I don’t see too many questionable open-access journals that originate in Japan, but here’s one, the Journal of Physical Therapy Science. It purports to be the organ of The Society of Physical Therapy Science, for which I can find no website, other than the journal’s. The journal is hosted on Japan’s J-STAGE platform, which calls itself a journal aggregator, but in this case, it essentially functions as this journal’s publisher.
Here are some of this journal’s additional weaknesses:
- It’s a monthly that publishes over fifty articles each month, a sign of easy acceptance. The table of contents is split into multiple screens, essentially hiding the works beyond the first screen.
- It has no editor-in-chief or editorial board that I could find. If you can find them, please let me know.
- The articles are uniformly short (2-4 pages) and almost all show a quick, four to a five-week period between submission and acceptance.
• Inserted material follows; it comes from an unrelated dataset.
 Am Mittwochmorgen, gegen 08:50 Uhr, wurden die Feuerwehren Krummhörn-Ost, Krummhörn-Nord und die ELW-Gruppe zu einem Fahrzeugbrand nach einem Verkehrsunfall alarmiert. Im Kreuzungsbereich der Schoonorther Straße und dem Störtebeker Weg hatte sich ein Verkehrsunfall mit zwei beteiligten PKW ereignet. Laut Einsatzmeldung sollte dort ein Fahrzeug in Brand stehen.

- There’s a submission fee (¥10,000) in addition to the author fee (¥20,000 per “printed” page). The submission fee is waived for members of the society, but there are no members, apparently. It’s a sham society.
- The authors of the articles seem to come from pretty much every country EXCEPT Japan, the home country of the “society” publisher. I noticed many from Korea and a lot from Turkey.
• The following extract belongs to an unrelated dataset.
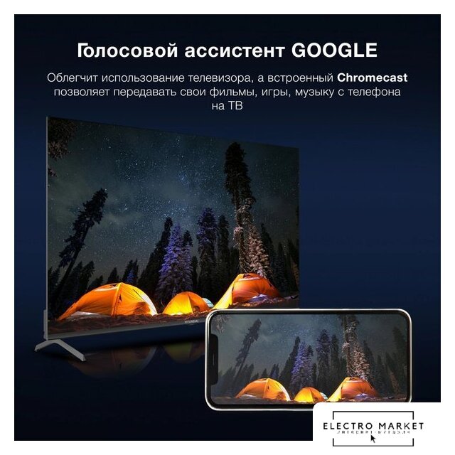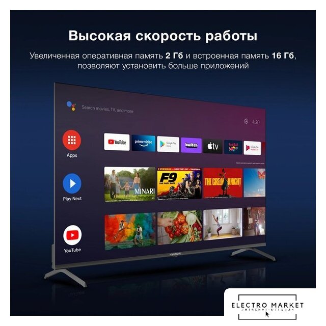 50" 3840x2160 (4K UHD), частота матрицы 60 Гц, Smart TV (Android TV), HDR10, Wi-Fi, смарт пульт

- The author guidelines (published as a separate PDF), don’t say anything about how articles are licensed. The articles bear copyright statements that say “©2015 The Society of Physical Therapy Science” and also say they are licensed under a CC-BY NC ND license. Do authors have to sign the copyright over to the journal which then releases it under a CC license? Why can’t the authors just retain copyright?
- Looking at the articles, I observed many author and journal self-citations.
- The journal uses a small logo that says “Peer Review,” but there’s no evidence that any peer review is done. It appears this journal just takes orders from authors needing easy publishing.
Conclusion
This journal exists chiefly as a means for researchers to easily purchase academic credit, in the form of short articles, which they then use for tenure and promotions and securing employment outside universities. Its publisher is a pretend scholarly society that has fooled many.
J-STAGE should not be publishing low-quality journals such as this one.